Fashion watchdog group

Diet Prada is an Instagram account that reports and commentates on fashion. Created in 2014 by two then-anonymous founders, the account's owners were identified in 2017 as fashion industry professionals Tony Liu and Lindsey Schuyler. Originally created as a lighthearted way to call out similarities in designs, beginning in 2018 the account became a more serious voice in campaigning for integrity and accountability within the fashion industry. In addition to highlighting copied designs, Diet Prada has drawn attention to cultural appropriation and lack of diversity in publishing and fashion companies. As of March 2022, the account had more than three million followers.

== History ==
=== 2018 Dolce & Gabbana fashion show ===

In November 2018, the account drew attention to a Dolce & Gabbana video advertisement promoting their major upcoming fashion show, called "The Great Show," that was scheduled to occur in Shanghai.
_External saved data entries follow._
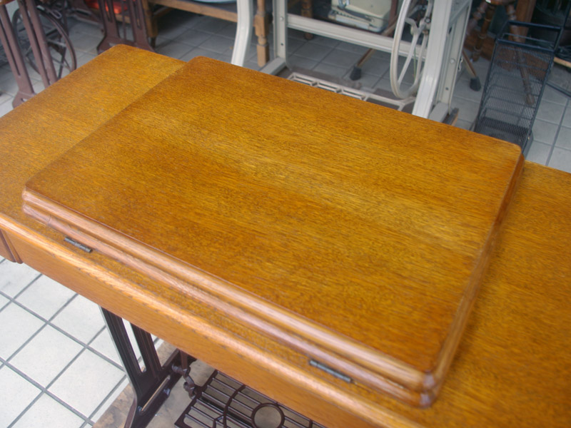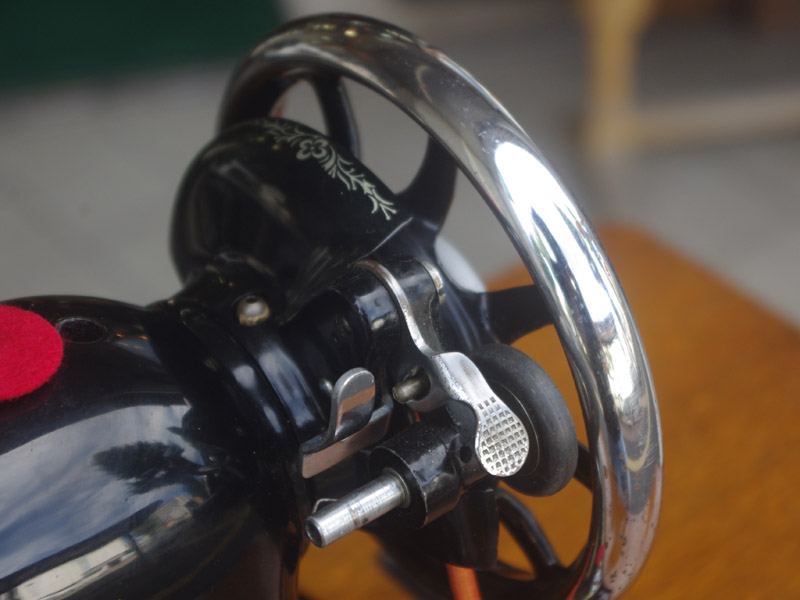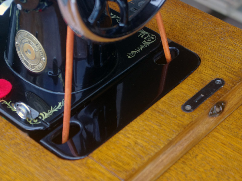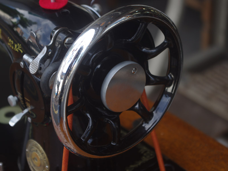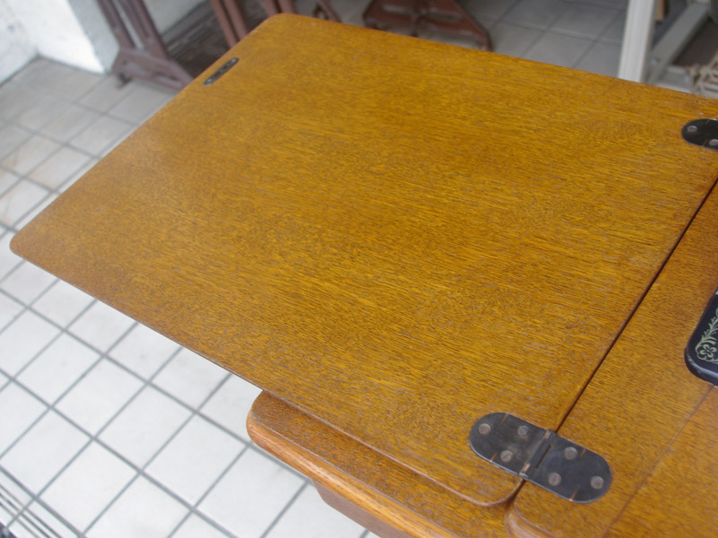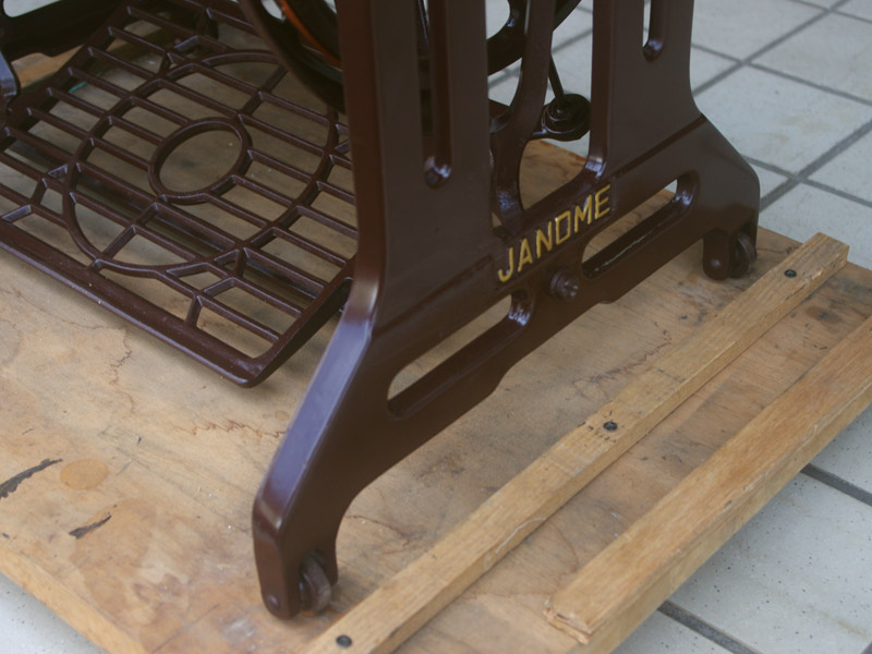 飴色の木製の台も整備して再塗装をしております。黒いミシン本体とツヤのある飴色の台がとてもカジュアルにもビンテージにも合う雰囲気になっています。塗料には天然樹脂シェラックニスおよび摩耗に強いウレタンを使用しました。熱いカップやアルコール、多少の水気は問題ありませんが花瓶の水などには注意して下さい。脚は分解クリーニングと調整、再塗装をいたしました。文字の部分も下の方の写真でご確認いただければと思いますが、金色を入れております。ベルト車やペダルがスムースに動くように分解しグリースアップ、注油、などをしております。最後にミシン本体とベルトで繋げて動きを確認しております。
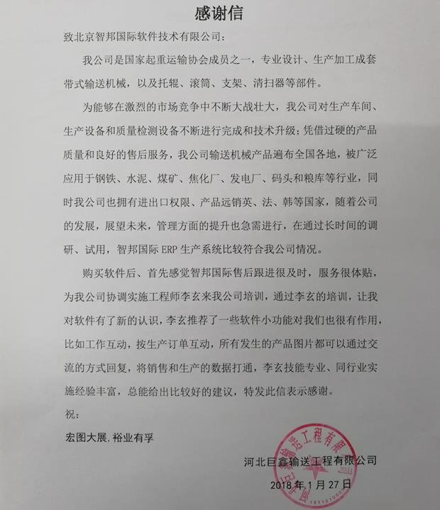 河北巨鑫输送工程有限公司智邦国际ERP系统实施现场
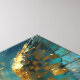 A beautiful angelic canvas wall art with a beautiful angel with a turquoise marble background and a gold halo in an impasto style.
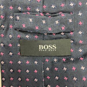 HUGO BOSS 100% SILK Made in Italy Red White & Blue Tie 3.75"
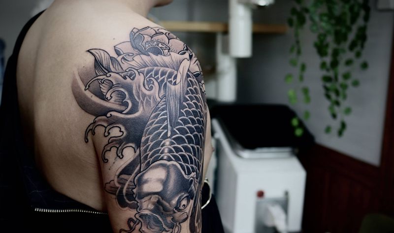 当前位置: 首页 >山东省日照市纹身店-赤焰阁纹身工作室纹身图案>遮盖纹身图片_手臂新传统鲤鱼纹身图案
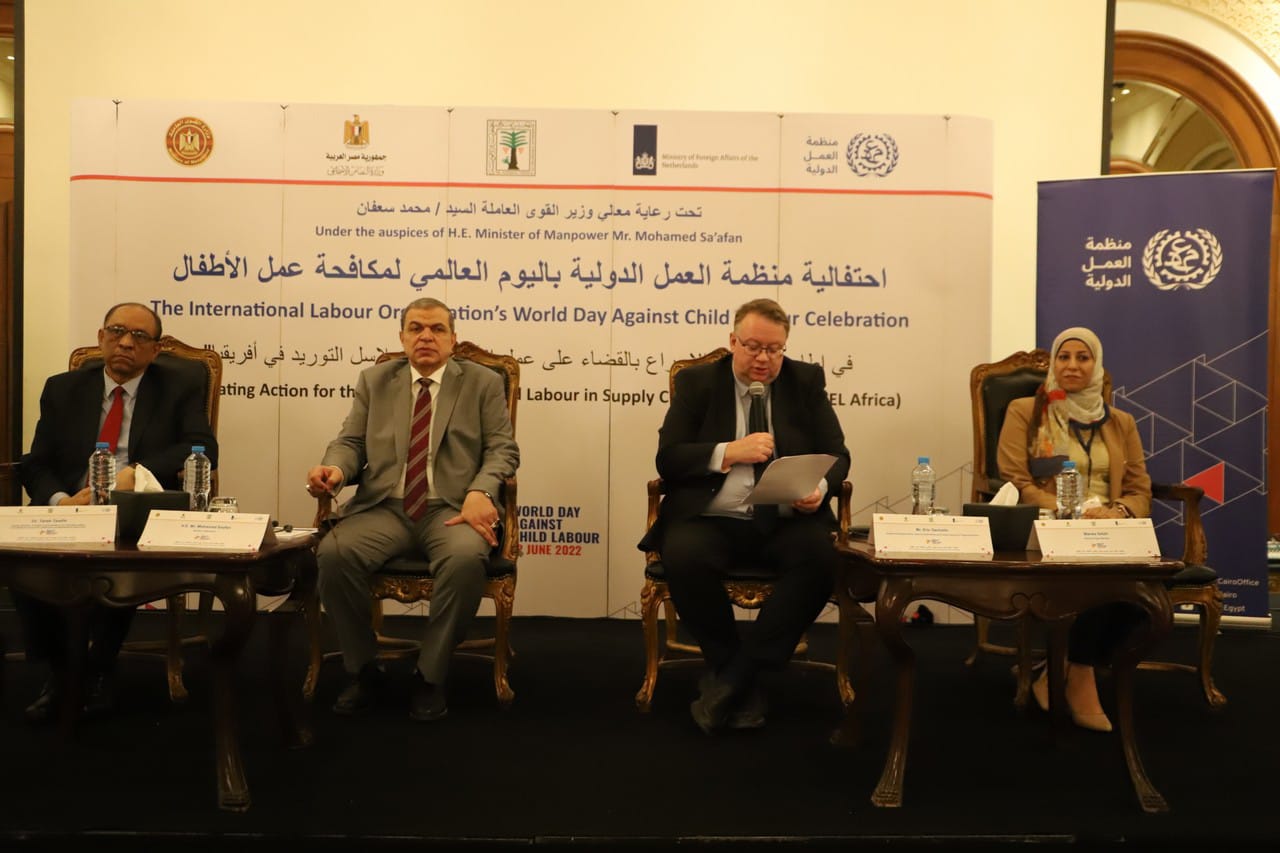 جاء ذلك خلال افتتاح الوزير احتفالية اليوم العالمي لمكافحة عمل الأطفال، في إطار مشروع الإسراع بالقضاء على عمل الأطفال في سلاسل التوريد في أفريقيا، والتي تنفذها منظمة العمل الدولية بمشاركة وزارتي القوى العاملة والتضامن والمجلس القومي للطفولة والأمومة وبحضور أعضاء اللجنة التوجيهية للخطة الوطنية لمكافحة أسوأ أشكال عمل الأطفال ودعم الأسرة 2018-2025.
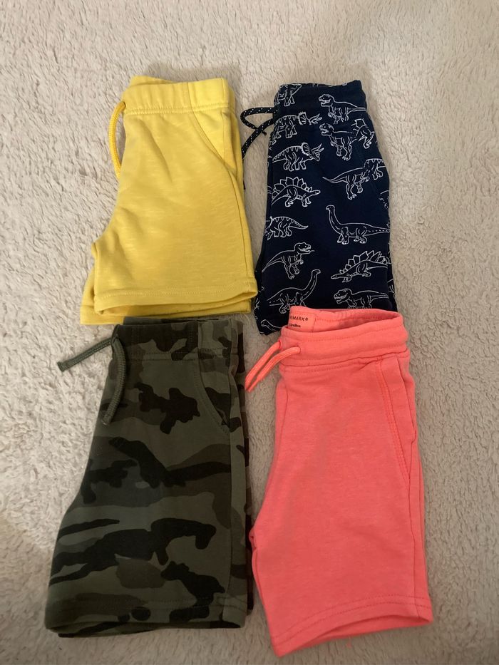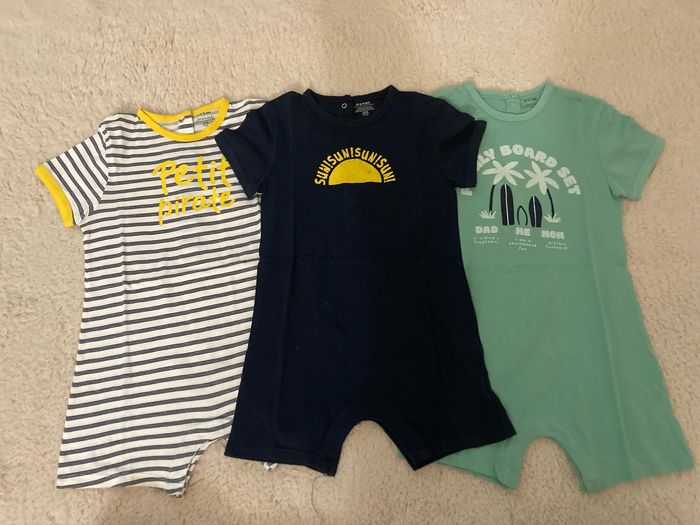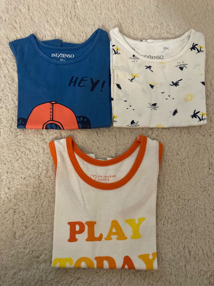 Vends ce lot en très bon état t shirt shirts combi short débardeur, short de bain avec bonnet ensemble plusiuers pieces en 18/24 moi ensemble rouge 3 ans orchestra kiabi pimark
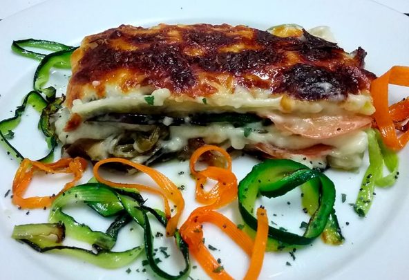 Desmoldamos la lasaña y colocamos los cuadros de lasaña que decoraremos con tallarines de calabacín y cebolla salteados.
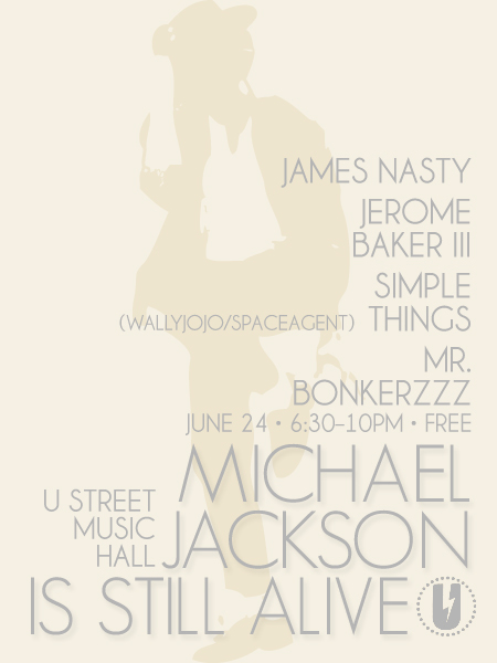 Local DJs continue to keep MJJ’s memory and music alive the Friday night. Expect rare cuts, remixes and party jams courtesy of Jerome Baker III, James Nasty, Mr. Bonkerzzz and the Simple Things team of Wally Jojo and the Space Agent.
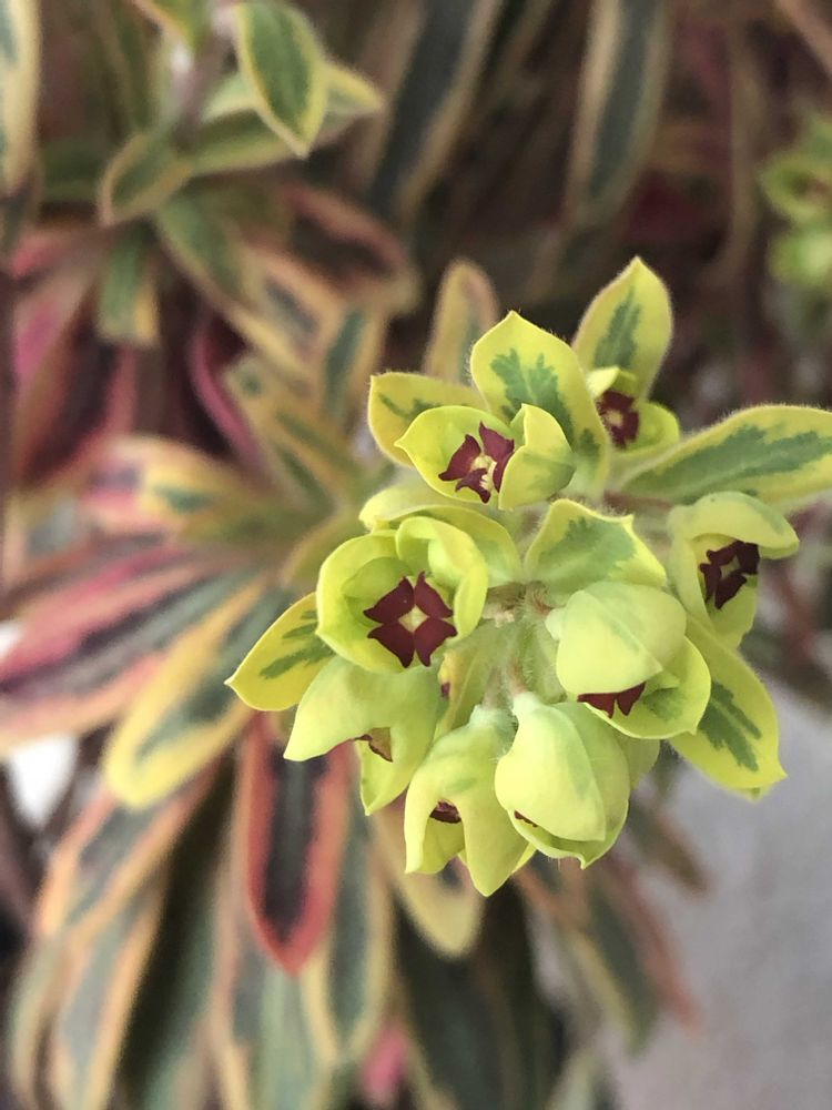 待ってました❣️春の到来🏷️2のつく日は斑入りの日🌿✨🌿ユーフォルビア・ゴールデンレインボー🌈咲きました🌼➡️🪴

Featuring a Chinese model struggling to eat Italian foods with a pair of chopsticks, the advertisement was criticized as racist. Several hours before The Great Show was scheduled to begin, Diet Prada shared screenshots of direct messages alleged to be from Stefano Gabbana, in which he appeared to denigrate China and Chinese people. The post quickly went viral in China and the hashtag #boycottdolce began to trend. Hundreds of Chinese individuals scheduled to appear in the show withdrew, and the show was eventually canceled. Apologies were later posted to the Dolce & Gabbana account, and claims were made that both Gabbana's personal Instagram account and the brand account had been hacked. Diet Prada later described the incident in an interview with Fast Company as a moment when they realized they had the ability to effect major change within the fashion industry.

== Founders ==
Tony Liu and Lindsey Schuyler met when they worked together at the American accessories line Eugenia Kim. By 2015, they had both left the brand but they kept in touch. The two would browse photographs of runway shows, noticing similarities between the pieces and older designs, and created their Diet Prada Instagram account in 2014 "just for fun". They remained anonymous for the first three years of the account's existence, eventually revealing their identities in an October 2017 feature in The Fashion Law.

=== Tony Liu ===
Liu was born in New York City and earned a fine arts degree from the School of the Art Institute of Chicago. As of October 2017 he ran a menswear brand called YOU AS. In 2016, YOU AS was listed by Highsnobiety as an "upcoming" brand. YOU AS launched a Spring 2018 collection. Vogue described Liu's motivations behind the collection as his own take on "the seedy cool of Las Vegas, à la Tom Wolfe and Hunter S. Thompson, without falling victim to its cheesy ick factor".

=== Lindsey Schuyler ===
Schuyler grew up in Saint Augustine, Florida and was a designer for the eyewear company FGXI. She owns and runs a consulting practice.

== Monetization ==
Diet Prada earns much of its revenue through sales of merchandise. They also partner with brands and institutions such as museums who want them to cover fashion exhibits. They have done takeovers of Instagram accounts of other brands, such as Gucci.

== Reaction ==
The Business of Fashion described Diet Prada in May 2018 as "the most feared Instagram account" for the repercussions that have been faced by brands it has criticized. Fast Company described Diet Prada in May 2019 as "one of the most influential voices in the fashion industry right now."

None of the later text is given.